I recently spent a week skiing after almost two years off.  And while I wouldn’t say I was a superstar, I was amazed at how easily the movements came, and how little thought had to go into me successfully completing the basics of skiing.  At some point and time, my body had committed the movements to it muscle memory.  Now, add massive amounts of fresh powder and I was glad for that muscle memory because powder is not my strong point (I learned to ski on the east coast) so I had to think about how to build on the basics so that I could successfully get down the mountain.

How is this pertinent?  Well when your child is learning a new movement they practice it over and over so that their body can commit the movement to its muscle memory.  Once this happens, its an automatic movement and you can start adding in variations to the movement.  For instance, a baby learning to crawl will practice on flat ground over and over until they are the crawling masters.  Once they get that down they can start experimenting with crawling on different surfaces, such as cushions, or crawling over obstacles, or up stairs.  These variations will be more work for them because they have to expand on their movement bank and think about how to be successful.  Eventually with practice these will become automatic as well.

When muscle memory happens, a person can go a while without doing a skill and when they try it again, they will need to practice a bit but it will come back that much faster than if they were learning it for the first time.  I know when I teach someone to use crutches, it is that much easier for a person who has used them before.  This is an example of a skill that isn’t used every day but once its learned, it comes back that much faster when the skill is needed again.

So, the premise of this is repetition is important when kids are learning new skills because they are committing the movement to their muscle memory so that they can expand on that movement and continue to progress to higher level skills.  So the next time you wonder why your child who is just learning a skill does it over and over again, its because they are committing it muscle memory.  For kids that need extra help to learn movements its essential that repetitions are built in to their learning.

 

February 19, 2014

Doing Two Things At Once

ring toss

Have you ever asked your child to walk while holding their glass of milk back to the table? “Dual tasking” or doing two things a once can sometimes be a difficult task and occasionally can lead to some spilled milk! Walking has been thought to be an automatic activity. However, recently studies have shown that walking actually requires attention and that people change their walking pattern when performing a dual task.

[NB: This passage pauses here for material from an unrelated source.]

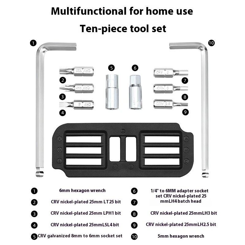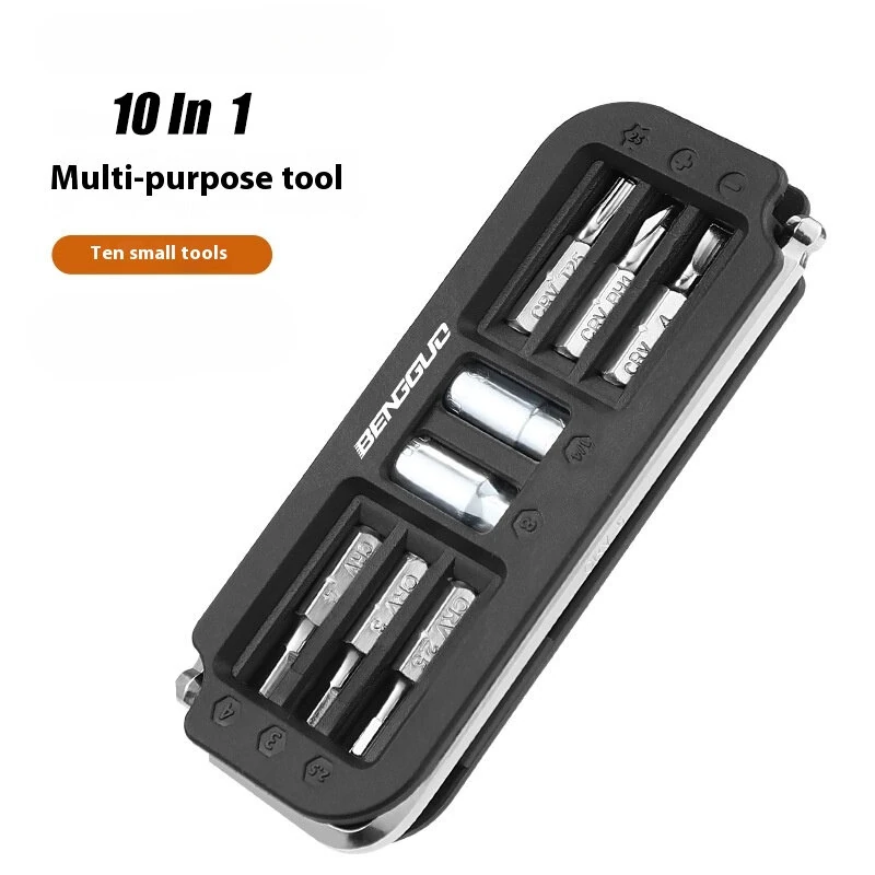 BENGGUO 10 in 1 Portable Bicycle Repair Tools 6mm Wrench 6Pcs CRV Removable Adapter Sleeve for Protable Bike Quick Fix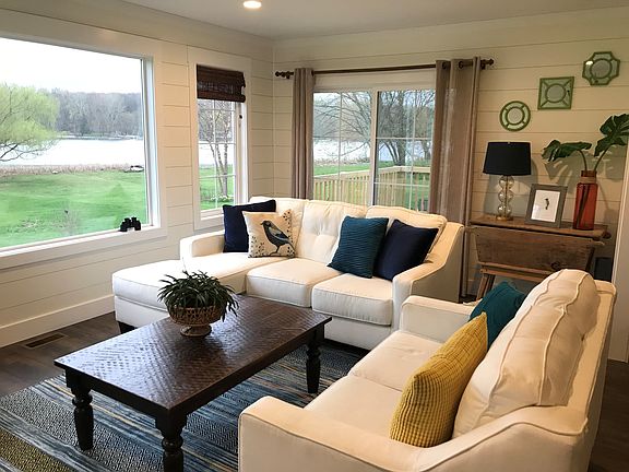 This beautiful property has a new completely remodeled home and a spacious, gorgeous guest house. The 2.43 acres has 160ft of lake frontage on an 80 acre all-sports private lake! The lake house has a cottage feel with a great view. The upstairs living room has a large picture window with a walkout deck. The spacious kitchen has vaulted ceilings, all stainless appliances, bar top and room for dinning table, making it perfect for entertaining. Master upstairs with vaulted ceilings and large walk in closet/laundry room. The downstairs living area walks out to a covered patio at the lake level. The house has tile showers on both floors. The guest house is perfect for your friends and family featuring a 10ft tile shower and full kitchen with slate floors downstairs, a large living/rec room and bedrooms upstairs. This property is THE ideal place to raise a family at the lake. The neighborhood has a classic lake community feel, allowing for watersports and fishing by summer and ice skating and ice fishing by winter. Whether this property interests you for relaxation, wildlife observing or watching your family grow, this picturesque landscape is a must see!

A study published in 2007 examined pre-school children ages 4 to 6 and their ability to perform easy and difficult dual tasks. They examined the changes in the children’s walking performance while walking normally, walking while performing a motor task (carrying a tray with or without marbles), and walking while completing a cognitive task (counting forwards or backwards). The results of this study show that in typically developing children walking is affected by carrying out a simultaneous task. Children need to create stability to carry out the dual task and therefore widened their stance, take shorter steps, spend more time with both feet on the ground and slow down their walking speed in order adjust to the task. This demonstrates that children have decreased walking efficiency and compromised balance while they carry out either a motor or cognitive task.

Walking while performing a concurrent task occurs commonly and frequently in a child’s every day life, for example walking while carrying a tray of food at school, walking a glass of milk back to the table or walking while answering a question. Teachers and parents should be aware of the cost and effort that it takes for a child to walk and perform these common tasks. This knowledge can help choose suitable activities that the child can successfully complete as well as prevent an accidental fall or spilled milk. Therefore, allow your child to walk slowly, safely and carefully the next time they are walking their glass full of milk back to the table!

 

 

Cherng RJ, Liang LY, Hwang IS, Chen JY. The effect of a concurrent task on the walking performance of preschool children. Gait Posture 2007;26:231-7.